To add some additional perspective, Linda has inserted the excerpts from the PC World article, and with her comments:
A statement from Linda Criddle, President of the Safe Internet Alliance, applauds the FCC broadband plan, but also urges a strong focus on consumer safety. “The FCC’s own survey found that nearly half of those Americans who remain offline do so in part because they fear “all the bad things that can happen on the Internet.” Among those who are already online, the survey found that 65 percent strongly agree there is too much pornography and offensive material on the Internet. And 57 percent strongly agree that it is too easy for their personal information to be stolen online, while 46 percent strongly agree that the Internet is too dangerous for children.”
That online safety fears are a primary factor in nearly half of those polled who do not use the internet is dismaying. There are real risks that consumers need to be aware of and have the skills to master, there are security tools that need to be in place on every internet enabled device, and there are privacy precautions that need to be taken. That said, the fear mongering of programs like “To Catch a Predator” and the sensationalizing of tragic internet crimes has created a ridiculously skewed view of risks in many consumers minds.
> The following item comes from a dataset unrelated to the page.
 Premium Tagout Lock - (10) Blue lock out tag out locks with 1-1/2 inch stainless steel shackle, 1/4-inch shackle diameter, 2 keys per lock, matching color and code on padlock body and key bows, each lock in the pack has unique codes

If we used the same ‘shock factor’ reporting demonstrated by some opportunistic reporters – and internet safety companies and advocates pushing their own agendas – to report traffic accidents it would look something like this: 40,000 people DIE on our road annually!! Millions more Injured! Stay off Roads!
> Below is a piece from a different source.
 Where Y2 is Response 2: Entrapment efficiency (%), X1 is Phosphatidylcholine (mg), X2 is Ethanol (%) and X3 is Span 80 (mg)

As we seek to address the very real safety issues we do have, we cannot allow sensationalism and fear to keep consumers from joining the internet.
Responding to the question of whether the National Broadband Plan is needed, I responded with the following:
The Safe Internet Alliance’s Criddle agrees that the United States is in danger of leaving a portion of the population on the wrong side of the digital divide. She also stresses user awareness education for those just joining the online community. “The FCC is creating an initiative to teach digital literacy skills, but those need to encompass digital safety skills such as recognizing a phishing scam or teaching consumers to identify how information leaks, and avoid posting personal information in public access websites. These skills should also be driven home in public service announcements and public awareness campaigns.”
We will be a nation where the divide between the haves and have-nots will widen if we do not ensure that every citizen has the skills and opportunity to leverage all the great things the internet offers. But access and education must go hand in glove. We don’t hand a teen the keys to the car and thrust them onto the freeway with no skills to defend themselves or understanding of how to be responsible to others.
The internet is no different. It is an incredibly powerful tool that requires skilled use for successful experiences. We must have practical, internet safety training based on teaching the skills needed to protect consumers’ devices, understand how to identify exploits, learn how to maintain personal privacy in a connected world, and how to be a responsible digital citizen.
This information should NOT be wrapped in fear, nor moralizing. Consumers are entitled to define their own level of morality online, as they do offline, for themselves and their families within the constraints of the law.
This education needs to be specifically customized to be relevant to different consumer segments. This means that what students in the third grade learn isn’t the same as what students in high school learn. It means that safety messaging targeting parents and youth isn’t the same material as what is provided to seniors or adults who are looking to protect themselves. It means education needs to be accessible to new immigrants who lack internet skills to help bring them, and their families, into the digital society as productive members.
I am very encouraged by the inclusion of safety considerations in the National Broadband Plan, and am optimistic about the opportunities to see this focus take on a broader role as the framework matures. I urge you to get involved. The regulations being created through this process will directly impact each and every internet user.